Exercise requirements: Although the data below holds other lines too, output only those from the line with "新入児童と関わった一年生がとて大きく、五年生がとて遅し感じられました" up to and including the line with "四月に入学する新しい一年生の", exactly as they appear.
--- Exercise data Enclosed Below ---
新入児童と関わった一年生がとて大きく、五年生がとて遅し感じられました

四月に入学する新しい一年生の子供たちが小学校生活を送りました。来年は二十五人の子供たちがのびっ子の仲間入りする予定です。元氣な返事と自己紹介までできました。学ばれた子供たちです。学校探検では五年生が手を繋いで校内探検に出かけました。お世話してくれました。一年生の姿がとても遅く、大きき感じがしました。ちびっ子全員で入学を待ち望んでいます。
--- End of Enclosed Exercise data ---
--- Exercise data Enclosed Below ---
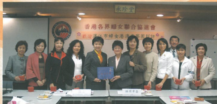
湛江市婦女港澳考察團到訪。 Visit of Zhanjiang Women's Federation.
--- End of Enclosed Exercise data ---
Output of the task:
新入児童と関わった一年生がとて大きく、五年生がとて遅し感じられました

四月に入学する新しい一年生の子供たちが小学校生活を送りました。来年は二十五人の子供たちがのびっ子の仲間入りする予定です。元氣な返事と自己紹介までできました。学ばれた子供たちです。学校探検では五年生が手を繋いで校内探検に出かけました。お世話してくれました。一年生の姿がとても遅く、大きき感じがしました。ちびっ子全員で入学を待ち望んでいます。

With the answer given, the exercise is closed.